(Available records)

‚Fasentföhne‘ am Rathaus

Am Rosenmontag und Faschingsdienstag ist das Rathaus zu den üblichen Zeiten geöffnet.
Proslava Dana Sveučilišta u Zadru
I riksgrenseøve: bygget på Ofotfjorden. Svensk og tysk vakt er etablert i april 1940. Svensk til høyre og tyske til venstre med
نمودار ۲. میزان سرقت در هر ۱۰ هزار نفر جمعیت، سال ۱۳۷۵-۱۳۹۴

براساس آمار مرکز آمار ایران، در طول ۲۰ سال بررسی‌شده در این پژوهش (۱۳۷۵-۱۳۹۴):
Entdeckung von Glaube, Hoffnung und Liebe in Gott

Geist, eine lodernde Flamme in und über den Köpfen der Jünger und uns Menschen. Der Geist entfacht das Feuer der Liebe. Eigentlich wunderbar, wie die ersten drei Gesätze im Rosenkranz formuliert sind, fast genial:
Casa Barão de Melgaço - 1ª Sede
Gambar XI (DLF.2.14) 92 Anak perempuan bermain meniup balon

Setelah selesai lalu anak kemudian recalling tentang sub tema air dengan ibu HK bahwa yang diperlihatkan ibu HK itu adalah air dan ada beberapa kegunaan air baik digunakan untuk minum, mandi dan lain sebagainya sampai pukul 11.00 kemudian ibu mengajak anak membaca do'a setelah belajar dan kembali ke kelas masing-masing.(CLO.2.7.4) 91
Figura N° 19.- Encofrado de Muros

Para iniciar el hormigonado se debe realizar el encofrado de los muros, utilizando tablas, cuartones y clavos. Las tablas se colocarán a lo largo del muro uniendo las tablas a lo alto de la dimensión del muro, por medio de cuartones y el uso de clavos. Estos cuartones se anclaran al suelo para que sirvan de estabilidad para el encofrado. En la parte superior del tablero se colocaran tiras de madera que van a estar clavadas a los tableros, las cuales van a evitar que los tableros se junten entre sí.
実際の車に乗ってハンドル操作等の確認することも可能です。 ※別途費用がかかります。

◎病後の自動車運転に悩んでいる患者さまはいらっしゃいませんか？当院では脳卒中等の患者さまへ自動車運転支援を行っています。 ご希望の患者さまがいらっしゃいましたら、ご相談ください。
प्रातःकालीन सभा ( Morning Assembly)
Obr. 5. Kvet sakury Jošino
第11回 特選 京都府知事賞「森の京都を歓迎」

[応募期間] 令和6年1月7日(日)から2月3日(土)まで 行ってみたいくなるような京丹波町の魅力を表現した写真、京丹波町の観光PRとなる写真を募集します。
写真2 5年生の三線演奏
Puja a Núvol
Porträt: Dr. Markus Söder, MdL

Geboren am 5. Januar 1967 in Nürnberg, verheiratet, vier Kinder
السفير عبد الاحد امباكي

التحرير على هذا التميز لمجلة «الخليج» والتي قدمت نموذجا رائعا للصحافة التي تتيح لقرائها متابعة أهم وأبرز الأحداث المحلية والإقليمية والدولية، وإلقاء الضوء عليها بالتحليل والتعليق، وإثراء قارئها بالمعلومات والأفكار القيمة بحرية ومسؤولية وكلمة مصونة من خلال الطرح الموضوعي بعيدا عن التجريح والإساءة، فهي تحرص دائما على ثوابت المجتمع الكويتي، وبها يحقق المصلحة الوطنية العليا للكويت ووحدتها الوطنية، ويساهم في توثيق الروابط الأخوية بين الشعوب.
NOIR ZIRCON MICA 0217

(End Available records)

### Requirement
In how many lines of the data does the string "Liebe" appear? Only the number should be given.

### Written response
2